Intriguingly, on my arrival at the monolithic Soviet-era Hotel Yalta, I spotted a naked man on the crowded hotel beach. He was pausing between getting changed, but seemed in no hurry, lying back on the wooden sunbed, nonchalantly smoking a cigarette. I thought for a second this was a nudist section of the beach, but he then got dressed lazily while his girlfriend hurried around packing up their things.

It took rather more than a stroll to the hotel beach to get naked by the Black Sea in Yalta. For the nearest nude beach is about 20km to the west in a little town called Simeiz. You have to take a bus, number 26 from Yalta. Or if you are impatient to get there and can't face the trek to the bus station - and have a slightly profligate attitude towards money - you can get a taxi driver to take you there from Yalta. I think it cost about £13, which is less than any taxi I've got home from London, and you can always negotiate.

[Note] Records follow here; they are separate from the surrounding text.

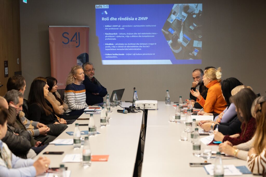 Agjencia Kombëtare e Punësimit dhe Aftësive (AKPA) në bashkëpunim me projektin “Aftësi për Punë” (S4J) organizoi trajnimin kombëtar të dedikuar menaxhimit të burimeve njerëzore në institucionet e arsimit dhe formimit profesional (AFP), me pjesëmarrjen e drejtorëve, specialistëve të burimeve njerëzore dhe koordinatorëve të zhvillimit të vazhduar profesional. Në trajnim morën pjesë edhe përfaqësues nga Agjencia Kombëtare e Arsimit, Formimit Profesional dhe Kualifikimeve (AKAFPK).
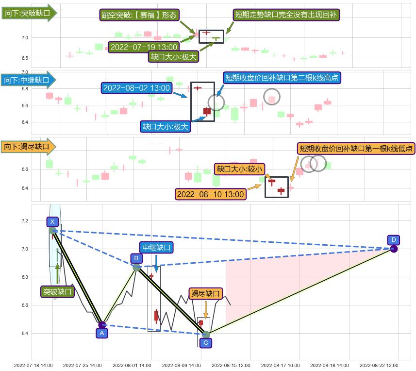 ➢ 2022-08-10 13:00形成:向下跳空【竭尽】缺口
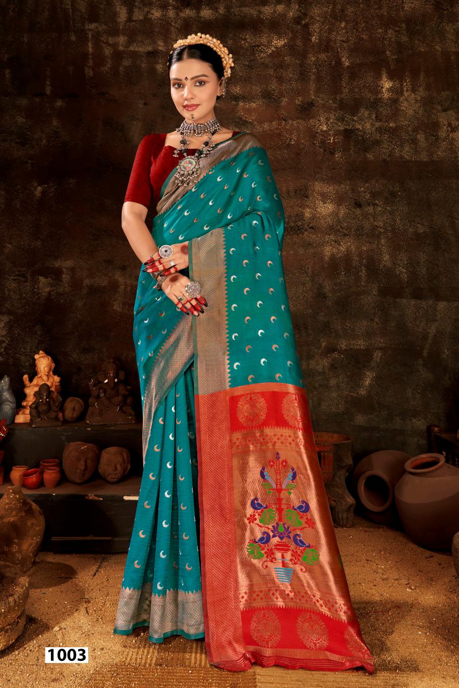 Looking for Morni silk Saroj Vol.5 Soft Paithani silk Full Catalouge at Best Price? Buy Now Morni silk Saroj Vol.5 Soft Paithani silk at Wholesale Rate of Rs 2610 with Total 6 Pcs from authroized dealer and supplier of Saroj Textiles Brand. Cost of Each piece is just only Rs 435 which is very low and affordable price to resale the product in your retail store. rrgandhi is Surat based Wholesale Supplier & Dealer of Saroj Textiles Brand. Click on Brand name to Know more about Brand's products.
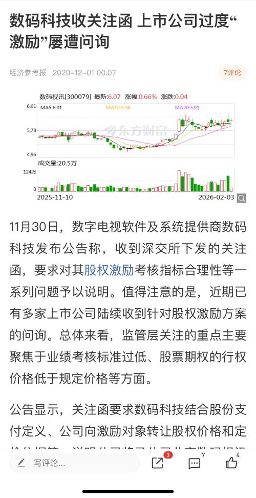 数码科技收关注函上市公司过度“激励”屡遭问询

As you approach Simeiz you'll see some rockfaces rising up behind the town; this is called Cat mountain, and from a distance it does indeed look slightly like a cat crouching down the hillside, its paws ready to pounce on a fat sturgeon in the Black Sea. Simeiz has two beach areas and you want the smaller one, which happens to be right at the base of the mountain, furthest away from Yalta.

This picture shows you this second, smaller beach area, at the foot of the cliffs in Simeiz. The beach directly at the bottom of the public road is, as always, textile, but if you walk along to the left there's a very small and rocky nude area. There were about half a dozen couples there and a few families, who showed me how to enter the dangerously surging sea without being brained on the rocks. The second naturist area is further to the right; follow the road/path round because it's too difficult down at sea level. This is a much bigger naturist area, with more to climb around and better access to the sea. There is no sand but the flat rocks are great to lie on. The first bit you come to has lots of couples and families, and further round it's just men.

I walked and scrambled about for hours on the hot rocks, climbing high up above the sea and looking down like a sea eagle on the brown bodies dotted among the boulders. I'd never gone nude rock climbing before, although this was more of a rock scramble, and soon I'd hauled myself into the wild unexplored foothills of Cat mountain. I stopped to eat a few figs from a small tree tucked in a little green enclave, pausing to let the sweat dry naturally in the warm sea breeze. I was at least 20 minutes away from the nearest scrap of clothing, and I knew my things were safe among my naked brethren.

It was exhilarating to be alone and absolutely exposed to the sun and the stone, moving over the rock with more and more ease as I got used to unencumbered climbing. I was even barefoot: I prefer to go for all or nothing and soon I found my own ways of clinging on to the rocks, feeling for all the world like a naked monkey, all my worldly cares steadily receeding as my clothes vanished out of reach. I've rarely felt so at peace with a place as I did that day, working my way up to a commanding viewpoint where I could sit and survey the beautiful blue waters and feel the hot rock tingle against my bare bum.